Getting rooted sucks.  But ultimately the full responsiblity rests with the 
person doing the actual attack.

On Wednesday 22 October 2003 10:13 am, Florin Iucha wrote:
> On Wed, Oct 22, 2003 at 07:57:22AM -0500, Sam MacDonald wrote:
> > The problem IS the rootkit, it enables a crime to be committed. Rootkit
> > has NO legitimate reason to exist, it exists to cause damage to a
>
> I bet $10 that a chicken has the same opinion about your knife.

Almost any tool can be used for evil intent.

Once knives are banned by the chickens they'd have to ban axes.  But even then 
the farmer can just catch the chicken and snap its neck.  Banning tools does 
nothing to actually prevent a person from carrying out intent.
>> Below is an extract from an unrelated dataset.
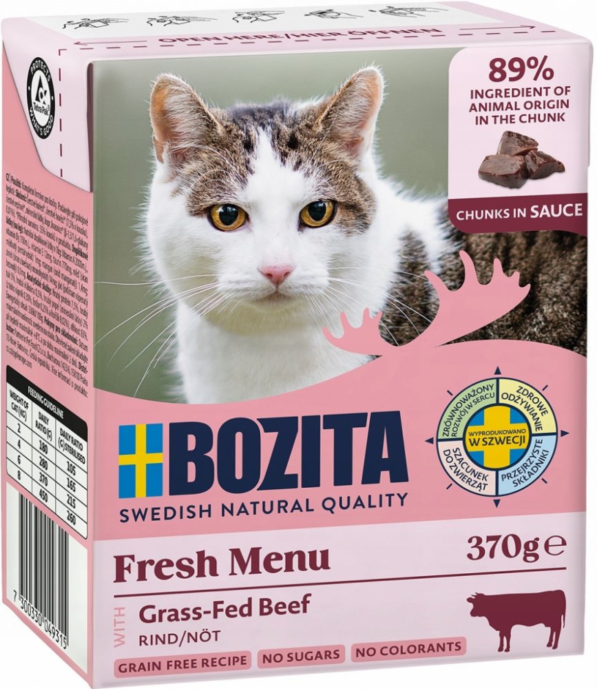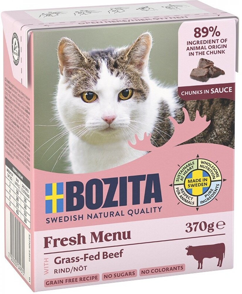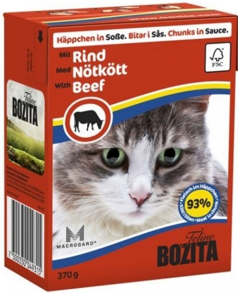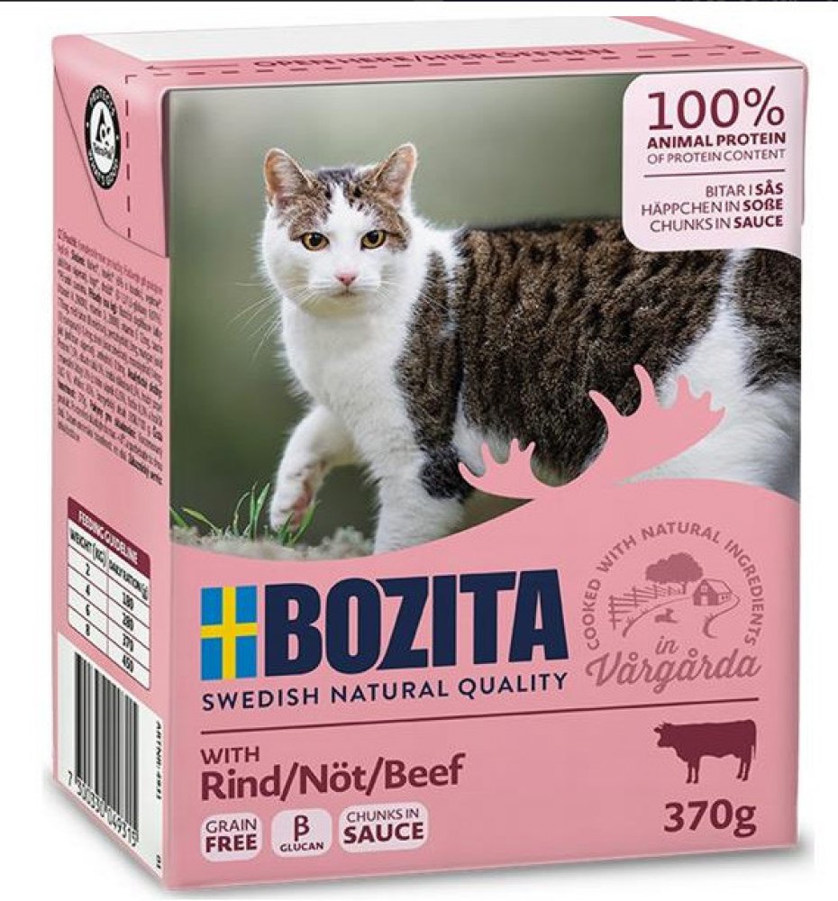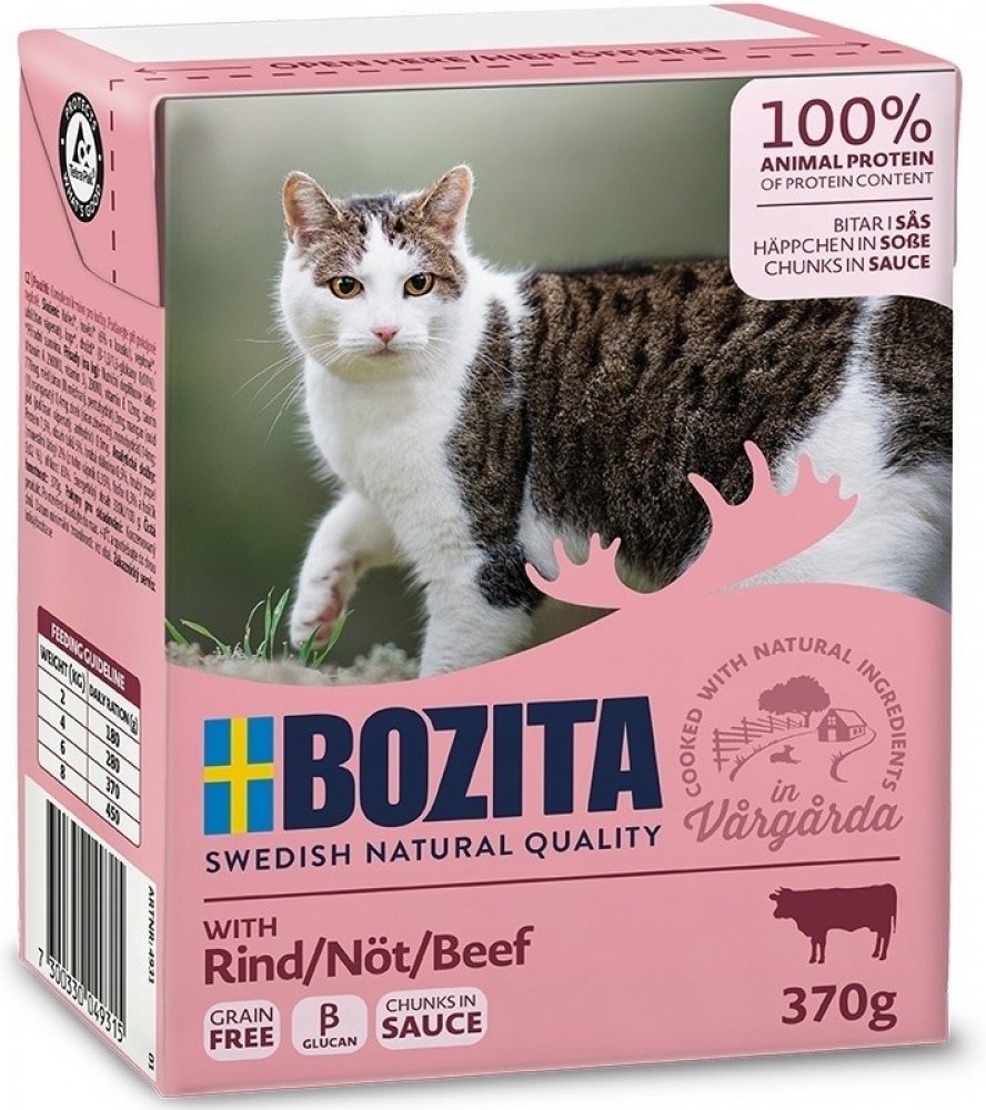 Bozita kousky v omáčce se zakládá na použití prvotřídních surovin, jako je švédské hovězí, vepřové a kuřecí maso či ryby. Vyvážené krmivo pro kočky obshuje Microgard, přírodní ß-Glukan, který posiluje imunitní systém Vaší kočky. Společně s bílými krvinkami je posilována také obranyschopnost.

It could also be argued (big strech here, but hang with me) that knives and 
root kits are more efficient for both parties.

In the root kit case, because script kiddies don't roll their own they use a 
"standard" root kit.  That makes detection easier for the white hats.  And it 
gives the white hats a better target for defense as well.  In other words, 
even though the barrier to entry is lowered so is barrier to defense.

We can complain endlessly (and I do, just ask my RL friends) about how many 
people like to "grief".  I'd dare say that almost everyone on this list at 
least teased their little sister to hard a few times, or burned a spider with 
a magnifing glass, or whatever.  Its human nature.  People can disagree on 
the "whys", but this isn't the proper place that discussion.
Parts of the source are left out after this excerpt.